WORK REQUEST> Output the full listing below exactly, without the pictures.

DATA>
━━━━━━

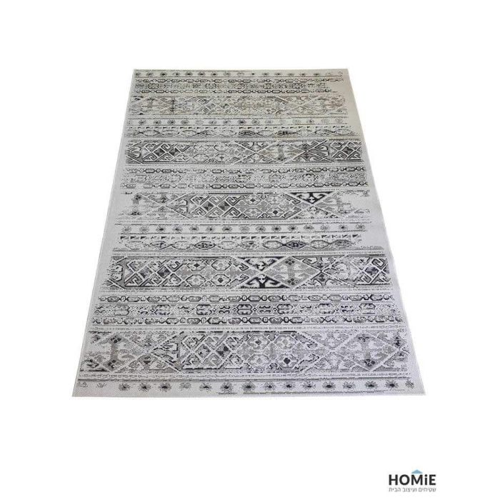 שטיח חבל גיאומטרי שבטי אתני אפור שחור דגם וויסטלר 12/286
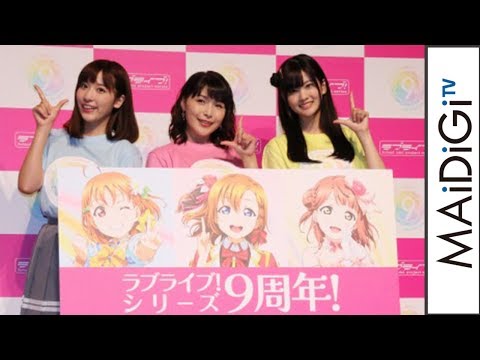 「『ラブライブ!』シリーズ9周年発表会」が東京都内で開催され、「ラブライブ!」の高坂穂乃果役の新田恵海さん、「ラブライブ!サンシャイン!!」の高海千歌役の伊波杏樹さん、「虹ヶ咲学園スクールアイドル同好会」の上原歩夢役の大西亜玖璃さんが登場した。
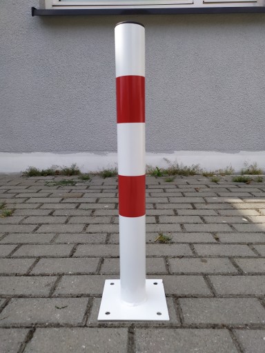 Słupek parkingowy na podstawie, wykonany z rury fi60 o wysokości 60cm w kolorze białym, z szerokimi, czerwonymi pasami odblaskowymi.
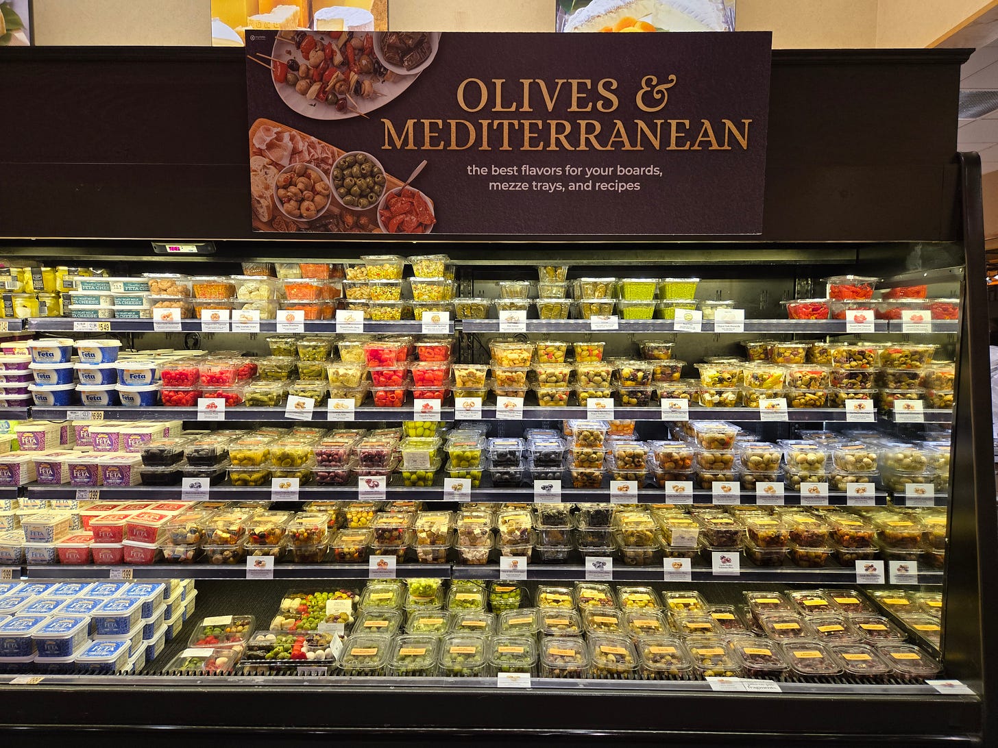 I suppose this is to reduce food waste, or maybe a holdover from COVID (although the new Wegmans was built in 2018). I’m sure it’s also cleaner, and it makes it impossible for kids to stick their hands in the olives, or people to pick one out to sample it, or for the olives to be spilled or mixed together. So as a business/inventory choice, it makes sense.

━━━━━━

ANSWER SECTION>
 שטיח חבל גיאומטרי שבטי אתני אפור שחור דגם וויסטלר 12/286
 「『ラブライブ!』シリーズ9周年発表会」が東京都内で開催され、「ラブライブ!」の高坂穂乃果役の新田恵海さん、「ラブライブ!サンシャイン!!」の高海千歌役の伊波杏樹さん、「虹ヶ咲学園スクールアイドル同好会」の上原歩夢役の大西亜玖璃さんが登場した。
 Słupek parkingowy na podstawie, wykonany z rury fi60 o wysokości 60cm w kolorze białym, z szerokimi, czerwonymi pasami odblaskowymi.
 I suppose this is to reduce food waste, or maybe a holdover from COVID (although the new Wegmans was built in 2018). I’m sure it’s also cleaner, and it makes it impossible for kids to stick their hands in the olives, or people to pick one out to sample it, or for the olives to be spilled or mixed together. So as a business/inventory choice, it makes sense.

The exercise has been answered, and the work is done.